Hi, I’m Rex Rogers and this is episode #242 of Discerning What Is Best, a podcast applying unchanging biblical principles in a rapidly changing world, and a Christian worldview to current issues and everyday life.
In the 21st Century, Muslim immigration to the West, including the United States, has skyrocketed, and many of these immigrants are Muslims from distinctly Muslim-dominated countries and cultures.
Like all immigrants, they bring with them their religious worldviews and their cultures. Some, like millions of immigrants before them, have eagerly sought a better life and worked to assimilate in classic melting pot fashion. Others have resisted assimilation and acculturation, have consciously sought to perpetuate their cultural and religious practices they brought from home, and tend to live in balkanized communities separated from other citizens. The estimated 10 million immigrants who came to the US during the recent Biden Administration, many but not all Muslim, are part of this story.
In this piece, I want to think with you about freedom of religion, and when, if ever, it can or should be restricted.
The US Constitution’s Bill of Rights begins with the First Amendment: “Congress shall make no law respecting an establishment of religion, or prohibiting the free exercise thereof; or abridging the freedom of speech, or of the press; or the right of the people peaceably to assemble, and to petition the Government for a redress of grievances.”
This is a precious, and in world history, unprecedented guarantee of human rights. We do not ever want to treat it lightly or deny it’s protection of freedom of religion without considerable due process and careful thinking about community standards in a truly free society.
Numerous American voices are becoming concerned about not simply the number of Muslim immigrants who’ve come to the US, but
a) whether they will assimilate, and
b) whether their religious beliefs are compatible with a free society.
The challenge of Islam is that it is both a religion and a political ideology, one that seeks political control when it becomes dominant. Muslim adherents embrace Islam along a continuum of theological, political, and cultural ideas, some radical or extremist, some moderate. So, your conclusions about “what is a Muslim and what do they believe” depend upon which subgroup you may be examining along this continuum.
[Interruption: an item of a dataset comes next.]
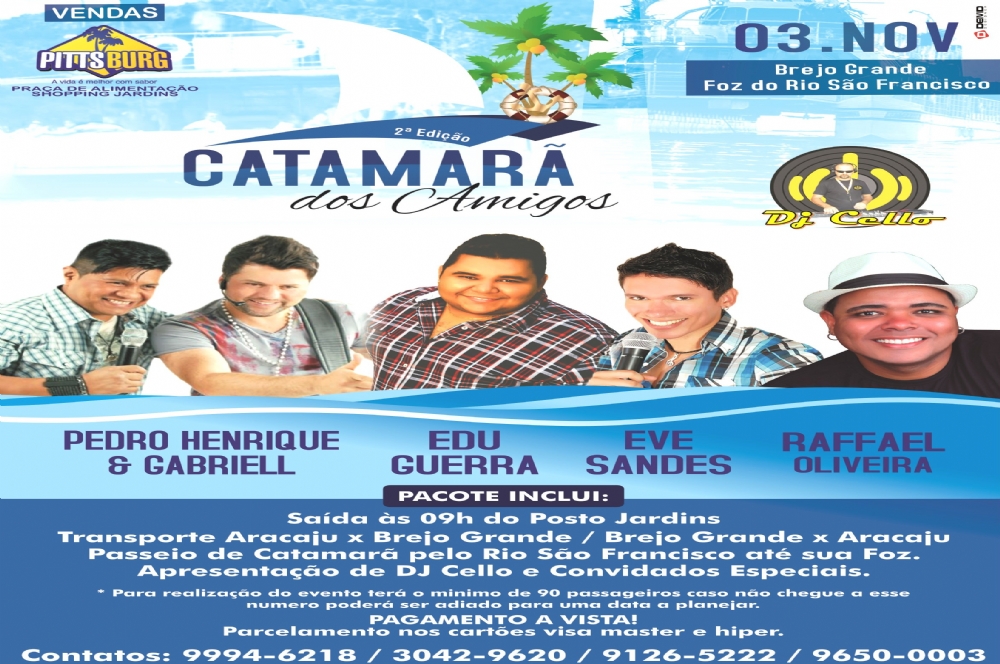 O Catamarã dos Amigos terá as seguintes atrações: Dj Cello, de Edu Guerra, Pedro Henrique & Gabriel, Eve Sandes, Rafael Oliveira e muito mais. A
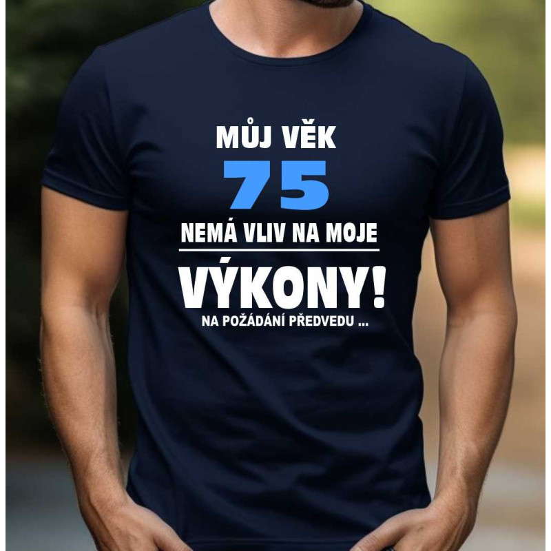 Hledáte dokonalý dárek k narozeninám pro vašeho milovaného muže, který slaví své úctyhodné 75. narozeniny? Nebo možná hledáte něco originálního, co by vyzdvihlo jeho energii a vitalitu, kterou stále má? Pak jste na správném místě! Představujeme vám pánské tričko "Můj věk 75 nemá vliv na moje výkony, na požádání předvedu.."

“Muslims” are but followers of their religion, which is Islam. They are just people, who, like all other human beings, carry their beliefs in a complex and confusing, sometimes contradictory, manner. There are indeed “moderate” or simply nominal Muslims the world over, ones who are not radical, do not act on religious violence, and simply seek to live their lives in peace. But there are many others who act out—often dangerously—extreme ideological views.
With increasing numbers of Muslim immigrants flooding the country during the Biden Administration, some American commentators began to suggest Islam be banned in the US, while others focused upon banning specifically Sharia law or radical Islam.
Some commentators argue Muslims intentionally use American human rights protections to advance their belief systems in the US, beliefs that are anti-freedom.
Charlie Kirk famously tweeted, “Islam is not compatible with western civilization.” Some argue Islam is the #1 enemy of the civilized world. In other words, Islam as a religion is an existential threat to the values upon which American experience was built and flourished.
Islam and distinguished Middle East expert, author Raymond Ibrahim, argues Islam is not free. Islam as presented in the Quran is totalitarian, inherently expansionist, i.e., Jihad, adherents are prepared to kill to achieve its aims - antithetical to everything Western society stands for—opposes free speech, free enterprise, freedom to practice or not to practice any religion, freedom of assembly, free press, fundamental human and civil rights; hatred of non-Muslims, “infidels,” is commanded, the Quran allows deception of infidels as needed, i.e., lying, and the call to violence and the justification for it are explicitly stated in the Quran. In Professor Ibrahim’s view, there may be moderate Muslims, but Islam is not moderate.
Let’s take a step back a moment for perspective. Throughout American history various religious groups have attempted to practice certain beliefs that, eventually, the Supreme Court of the United States disallowed, saying one can believe anything religiously, but not every action motivated by religion is immune from regulation.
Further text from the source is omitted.